> [EXERCISE PROMPT] Emit a verbatim copy of the lines below from the line with "- REAR VIEW CAMERA/BACKUP CAMERA" through the line with "PEGBOARD BESI WALL", excluding pictures and everything outside that range.

> [PROVIDED DATA]
-------------------------

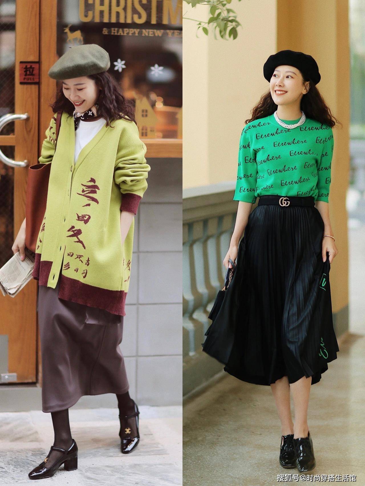 想将“半身长裙+低跟鞋”的搭配穿出时髦感,还需要掌握一些小技巧。想要更好地塑造风格,在整体造型的“颜色”上就要多加注意。喜欢简洁一些的风格,推荐尝试一下“顺色”搭配,用相近或相同色系的半身长裙和低跟鞋搭配,打造出“同色系”的既视感。
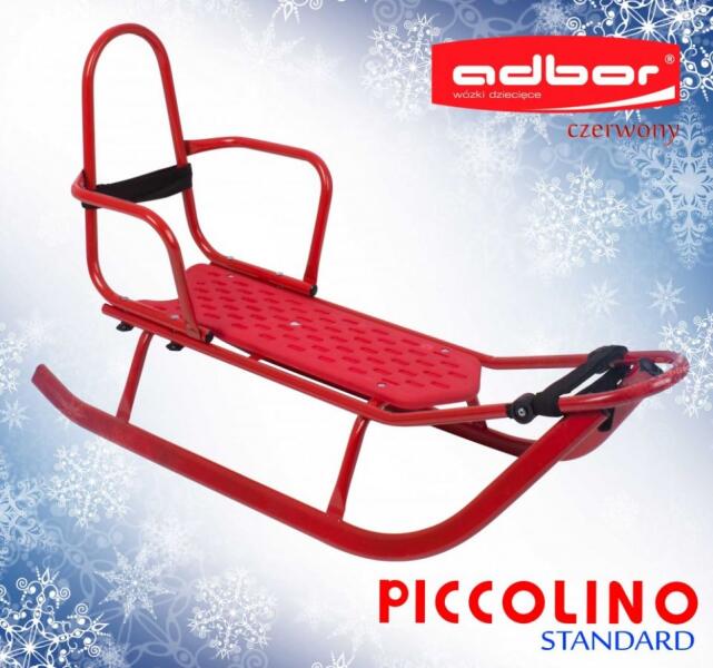 Lengyel fém szánkó Adbor Piccolino Standard háttámlával és övekkel Kényelmes és nagyon tartós fém szánkó, erős műanyagból készült ülőfelülettel. Hossza: 113 cm Szártávolság: 40cm Ülés szélessége: 18 cm Ülés magassága: 19 cm Ülés háttámla magassága: 45 cm
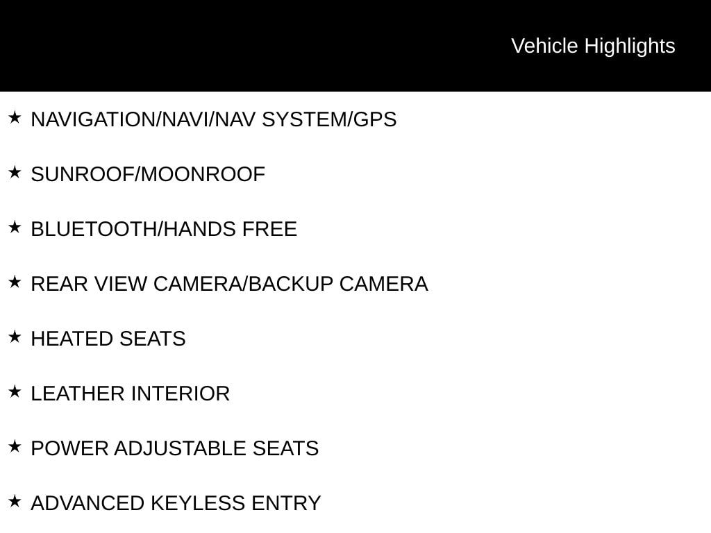 - REAR VIEW CAMERA/BACKUP CAMERA
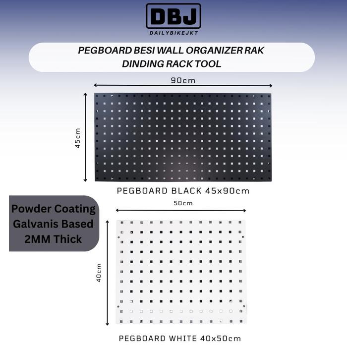 PEGBOARD BESI WALL ORGANIZER RAK DINDING RACK TOOL - WHITE | 45X90CM
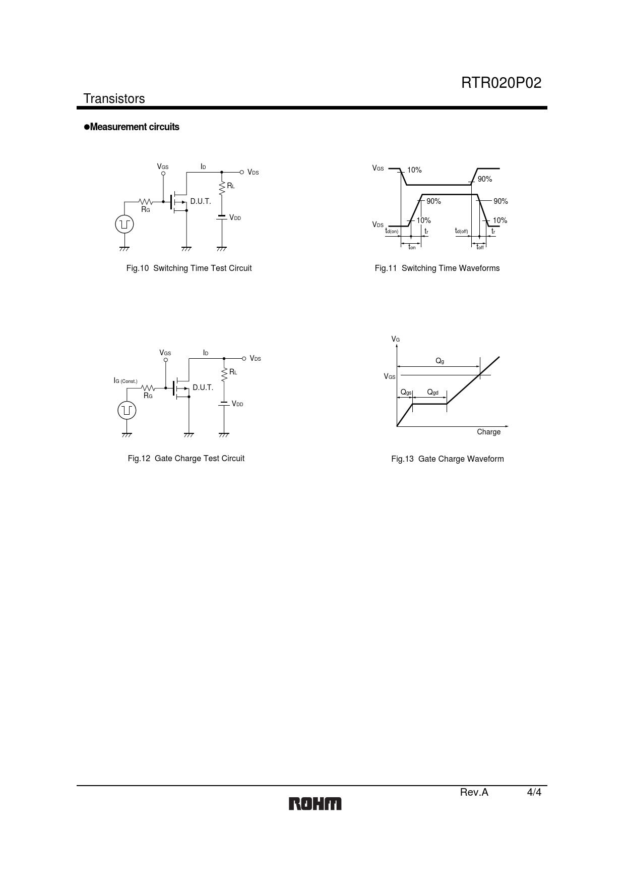 VGS ID VGS V 10% DS 90% RL D.U.T. 90% 90% RG VDD 10% 10% VDS td(on) tr td(off) tr ton toff Fig.10 Switching Time Test Circuit Fig.11 Switching Time Waveforms VG VGS ID VDS Qg RL VGS IG (Const.) D.U.T. Q R gs Qgd G VDD Charge Fig.12 Gate Charge Test Circuit Fig.13 Gate Charge Waveform Rev.A 4/4 Document Outline 2.5V Drive Pch MOS FET RTR020P02
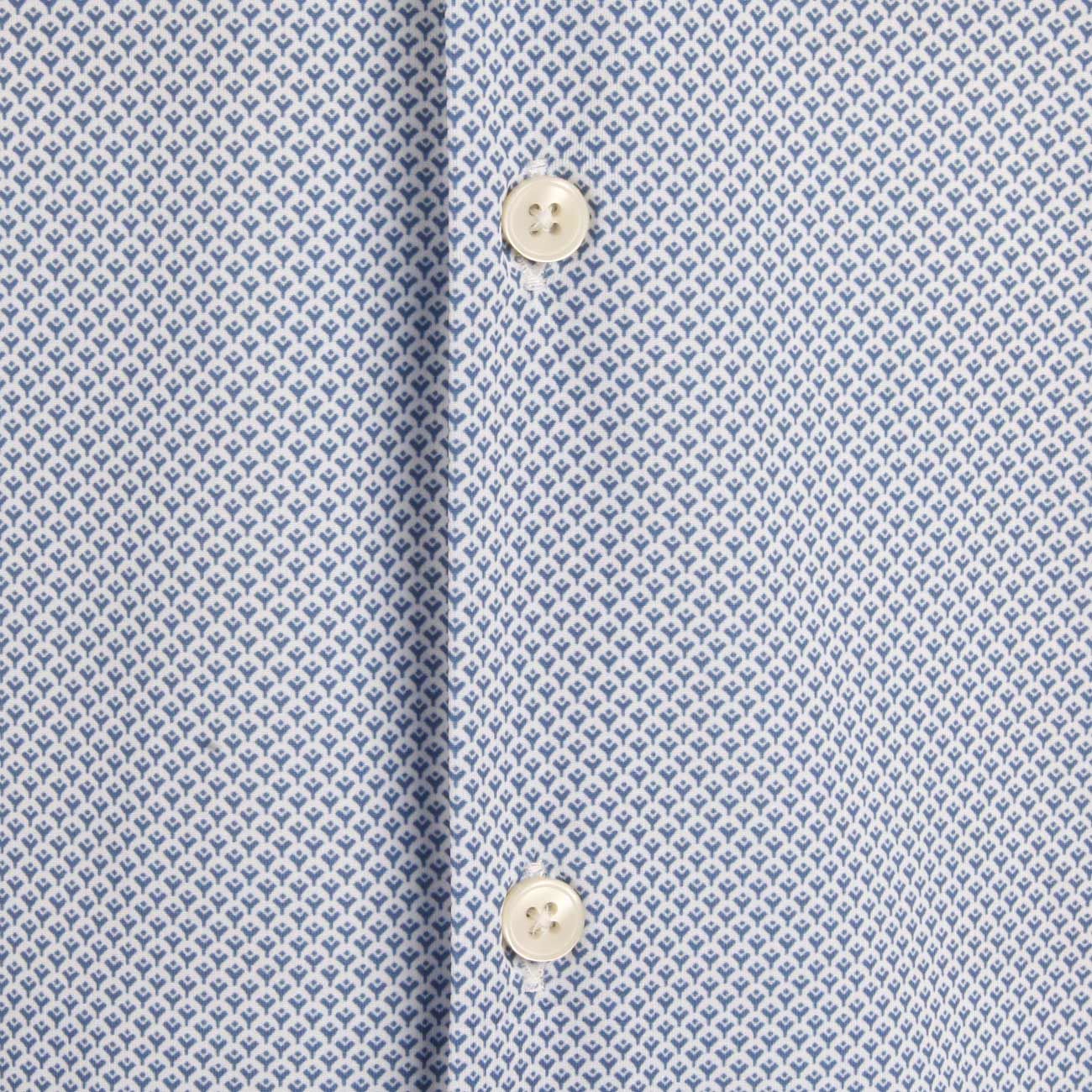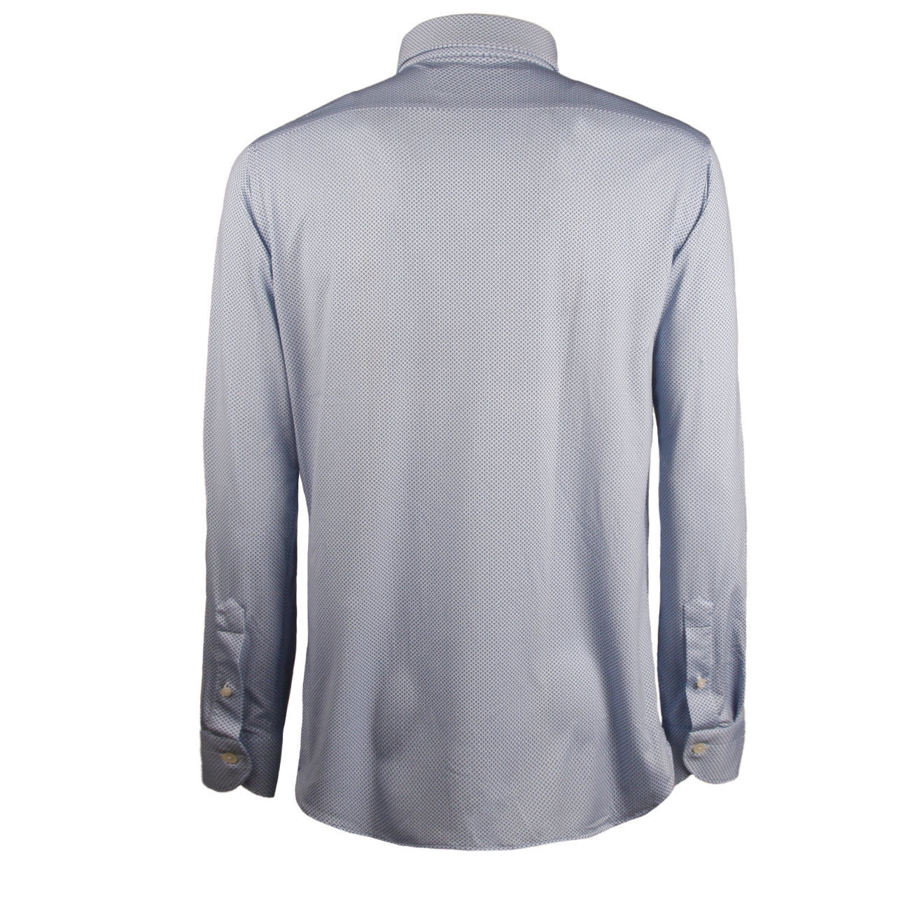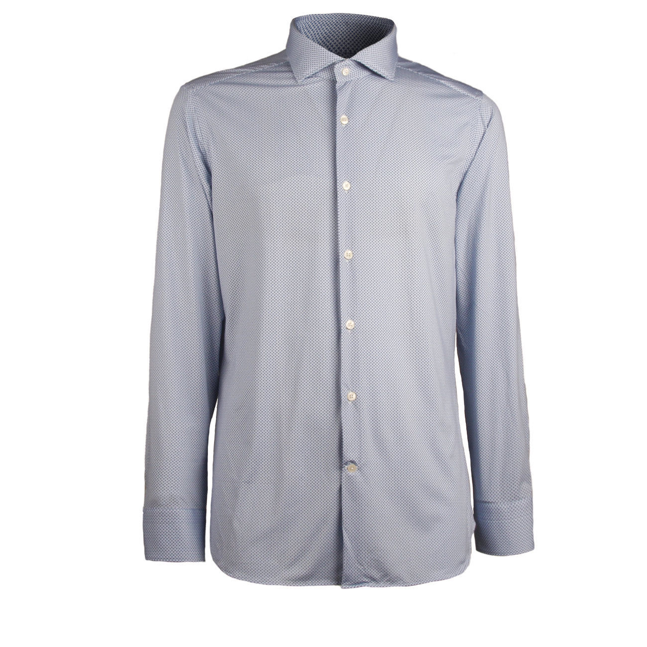 Shirt signed guglielminotti made with a pattern in white and blue. This straight-cut shirt features the classic buttoned cuffs, a French collar, side slits and a central closure with a row of exposed buttons.
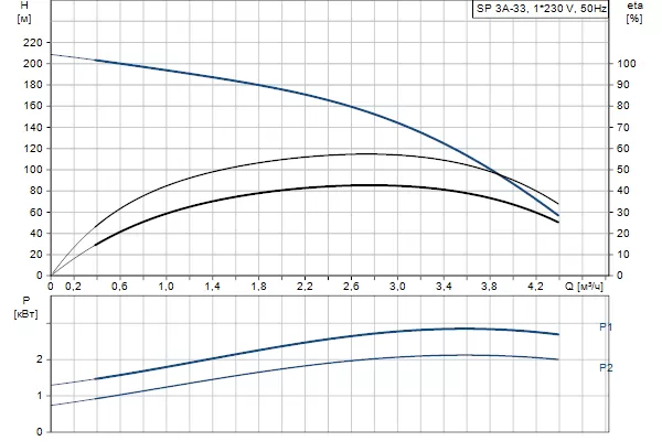 Насос Grundfos SP 3A-33 создан с применением новейших гидравлических технологий. Grundfos SP 3A-33 созданные специально для того, чтобы обеспечивать максимальную эффективность в периоды высокой нагрузки, насос имеет низкую стоимость и высокую надёжность эксплуатации вне зависимости от вида назначения. Grundfos SP 3A-33 обеспечивает высокую эффективность, высокое сопротивление абразивному износу (песку и иным абразивам), защиту от перегрева двигателя и простоту технического обслуживания. Также доступна готовая к применению система контроля и управления, предназначенная для постоянной оптимизации работы насосной системы. Максимальная производительность насоса 4.3 м3/час, максимальный напор 210 м при мощности электродвигателя 2200 Вт. Насос работает от сети 220 в. Гарантийный срок на насос Grundfos SP 3A-33 составляет 2 года.
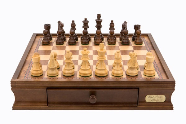 The Dal Rossi Chess Set, measuring an impressive 16 inches, stands as a testament to the fusion of craftsmanship and elegance. Crafted with precision and care, this exquisite chess set features Boxwood and Sheesham wood, two of the finest materials renowned for their durability and aesthetic appeal.
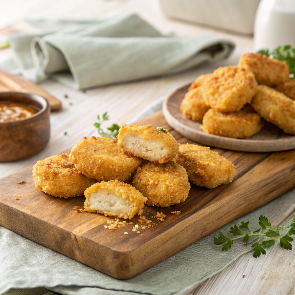 Кусочки куриного филе в сухарях, обжаренные во фритюре. Изображение блюда создано с помощью искусственного интеллекта и может не точно соответствовать реальному внешнему виду, но состав и ингредиенты всегда соответствуют описанию.
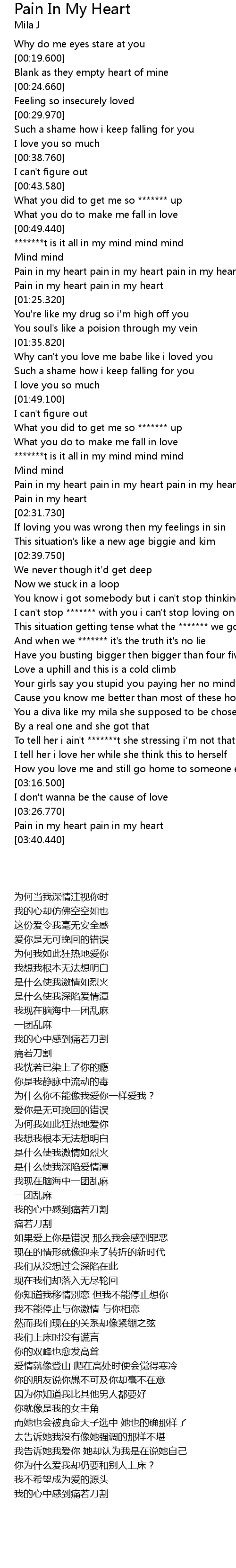 | [01:04.010] | Pain in my heart pain in my heart pain in my heart |
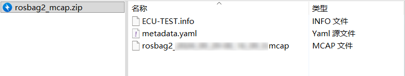 对于 .db3 格式数据需要所有使用到的 messgaes 、ECU-TEST.info 和 metadata.yaml 定义声明文件,并将这四类文件按下图的结构打包在一个 .zip文件中。
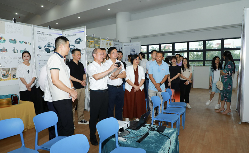 开幕式后,一行参观了毕业设计展,展览现场精彩纷呈,视觉传达设计专业巧妙融合海洋文化与现代设计语言,环境设计专业聚焦乡村振兴呈现美丽乡村建设方案,产品设计专业立足"中国智造"展示科技与人文的完美结合,美术学专业则通过画笔记录南路革命历史。

-------------------------

> [ANSWER FOR THE TASK]
 - REAR VIEW CAMERA/BACKUP CAMERA
 PEGBOARD BESI WALL ORGANIZER RAK DINDING RACK TOOL - WHITE | 45X90CM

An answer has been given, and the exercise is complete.